Salah satu bentuk rasa gembira itu ialah ekspresi canda. Rasulullah SAW pun dalam hidupnya pernah bercanda.
Dalam akhlak islami, membuat orang lain bahagia pun dianjurkan sebagai kebajikan. Nabi SAW bersabda, "Senyummu untuk saudaramu adalah kebajikan (sedekah)” (HR Imam Ahmad).
Tentunya, humor boleh dilakukan, asalkan tidak diiringi berbagai perbuatan tak terpuji. Misalnya, berbohong, berbicara kotor, mengolok-ngolok, dan merendahkan sesama manusia. Janganlah hanya demi mendapatkan tawa dari orang lain, perbuatan-perbuatan buruk itu dilakukan. Nabi SAW bersabda, ”Celakalah orang yang berbicara lalu mengarang cerita dusta agar orang lain tertawa" (HR Abu Dawud). Dalam hadis lainnya, beliau menegaskan, "Sesungguhnya tidaklah aku berbicara, kecuali yang benar” (HR Tirmidzi).
Canda Nabi
Dikisahkan dalam sebuah riwayat, ada seorang laki-laki meminta kepada Nabi Muhammad SAW agar beliau membawanya di atas kendaraan. Lantas, Rasulullah berkata, ”Aku akan membawamu di atas anak unta.”
Orang tadi pun bingung.
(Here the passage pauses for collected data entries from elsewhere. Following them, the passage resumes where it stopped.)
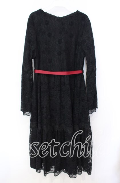 axes femme / 花柄総レースガウンワンピース M クロ O-25-10-20-043-AX-OP-OW-OS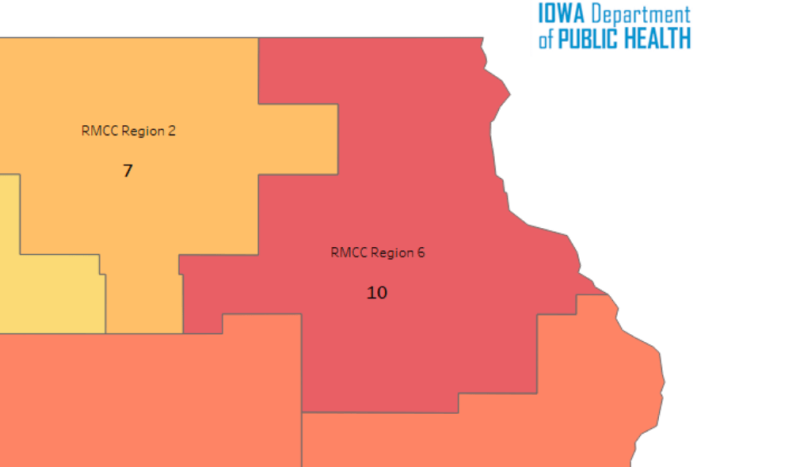 Today, Region Six, which encompasses Northeast Iowa, was rated a 10 on the state government’s metric to judge the severity of outbreaks in Iowa. Reynolds didn’t say she was issuing a shelter-in-place order, which is the term the IDPH uses for guidance on rankings 10 and higher.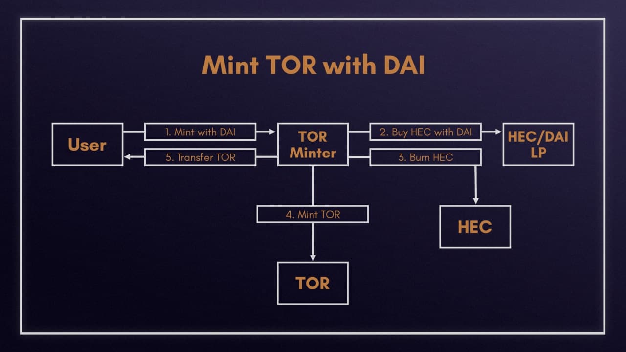 TOR is an algorithmic stablecoin that also works to make HEC deflationary: in essence, minting TOR burns HEC, so when the TOR stablecoin does well, so does HEC!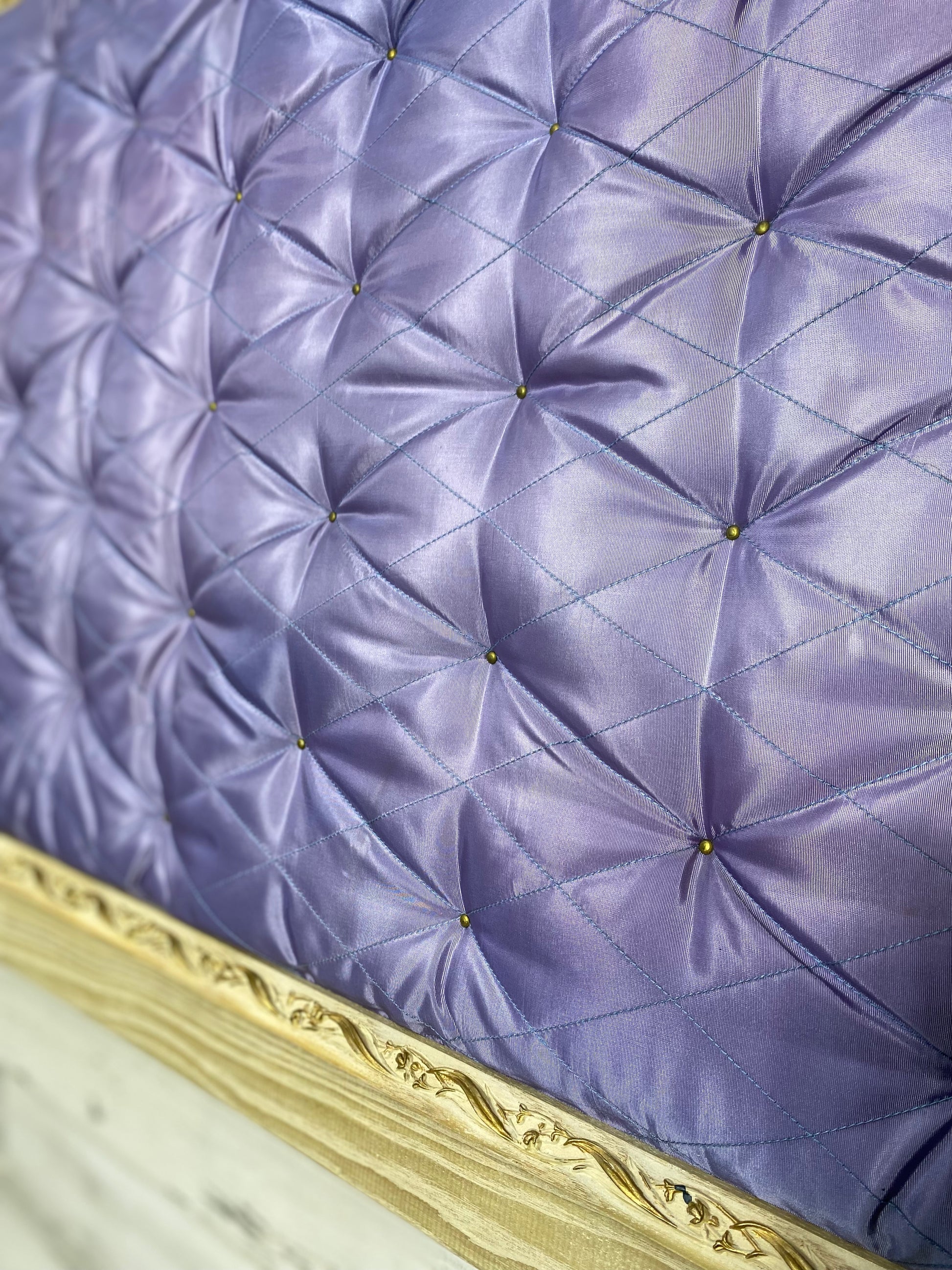 Set of 2 antique twin size headboards. Silk purple tufted upholstery. Sturdy wood frame.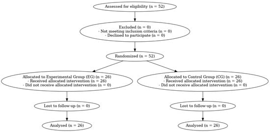 CONSORT-style flow diagram of participant enrollment, allocation, follow-up, and analysis. A total of 52 students were assessed for eligibility; none were excluded; 52 were randomized (EG = 26; CG = 26); all received the allocated intervention; no loss to follow-up occurred; and all participants were included in the final analyses.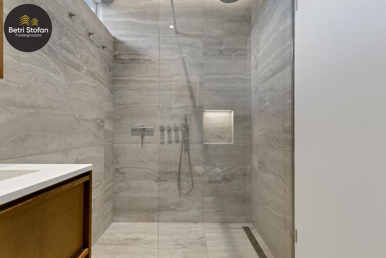 Baðherbergi II: Flísalagt í hólf og gólf, rúmgóð sturta, VOLA blöndunartæki, vaskur og borðplata úr kvartz, innrétting með neðri skápum og efri speglaskáp með innfelldri lýsingu.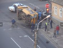Водитель Geely вез своего отца в областную больницу. Так как еще не было 7 утра, светофоры работали в мигающем режиме. Водитель Geely, ехавшей по ул. Черновола, не пропустил маршрутку, врезался в нее. В результате маршрутка упала на бок, а Geely по инерции врезалась в частный дом на ул. Черновола.

Sebab, ia hanya melihat seekor unta dewasa, bukan anak unta.
Rasulullah menjelaskan, ”Bukankah yang melahirkan anak unta itu seekor unta juga?” (HR Abu Dawud dan Tirmidzi).
Contoh lainnya dari canda Nabi ialah kisah berikut. Suatu hari, Rasulullah SAW kedatangan seorang nenek tua yang bertanya, ”Apakah kelak diriku akan masuk surga?”
Nabi SAW pun menjawab, ”Tidak akan ada nenek-nenek di surga.”
Mendengar jawaban itu, spontan sang nenek menangis sedih. Lantas, Rasulullah SAW menjelaskan kepadanya. Kelak, tidak ada nenek-nenek di surga. Sebab, semua ahli surga akan kembali belia. Sang nenek pun kembali tersenyum senang.